Policy sellers can, though, choose to sell to a third party that offers more than the original issuer. In these cases, the third party would continue to pay the policy’s premiums and, if the original seller were to die, receive the windfall. Those who buy another’s life insurance policy are betting on a person’s life. Will that person die soon enough to make the short-term pain of monthly or annual fees worth it?

Carson is convinced this is why Atkins has 54 life insurance policies. “This guy clearly likes to have a big pool of varied investments,” he said. “And I think these are investments.”

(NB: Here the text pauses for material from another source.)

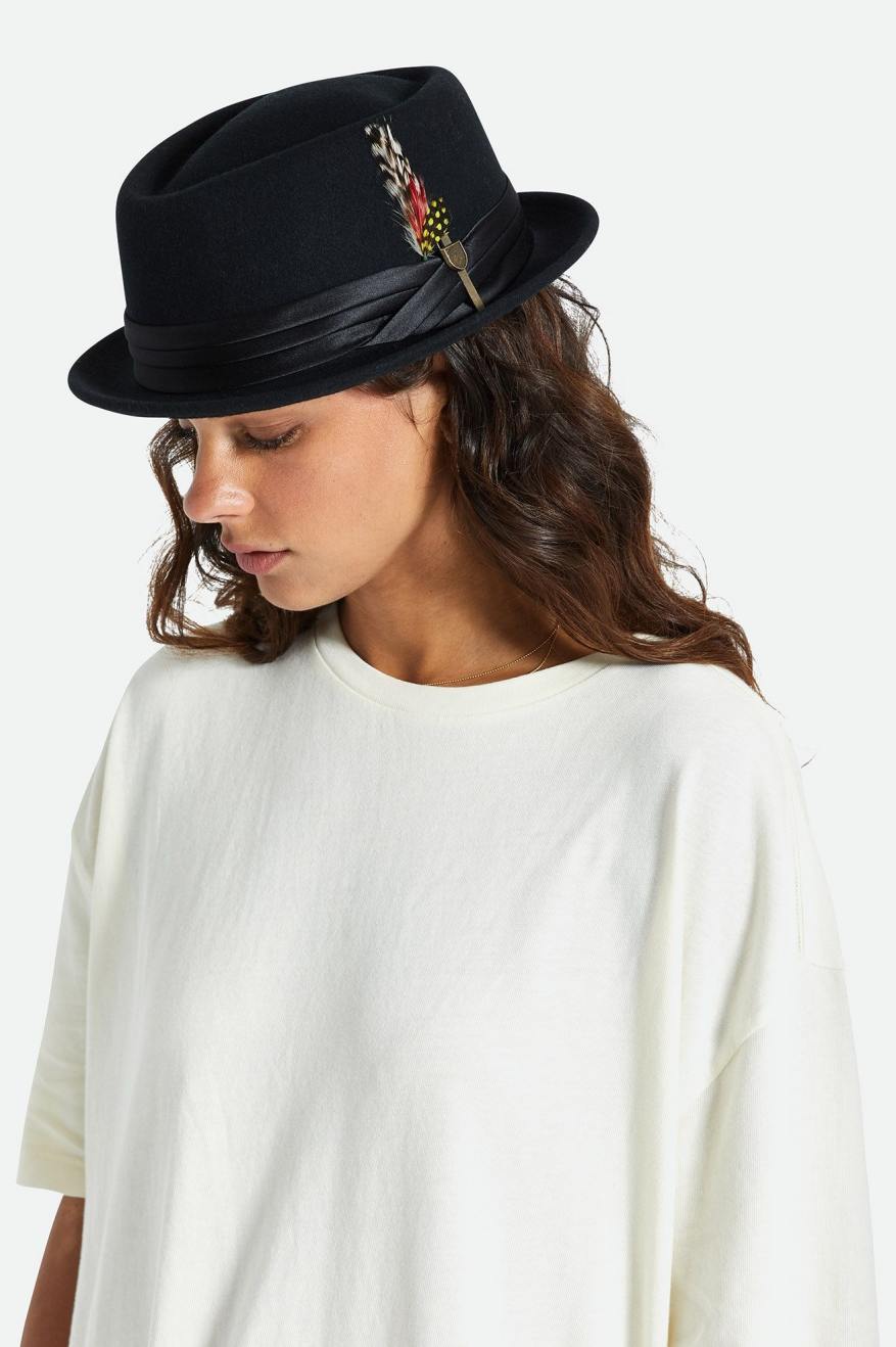The Stout Pork Pie is a classic style hat. With a satin band, metal crest pin, and a custom line, this one isn’t short on details. Its feather completes the look and will elevate any outfit.

He pointed to the variety of issuers on Atkins’ disclosure document as well as the variation in value of the life insurance policies. Some are worth north of $1 million, and others lie between $1,000 and $15,000.

Atkins is currently in front of the Senate in a confirmation hearing on Thursday. He plans to or has already divested a large portion of his holdings, but not his life insurance policies, according to an ethics agreement.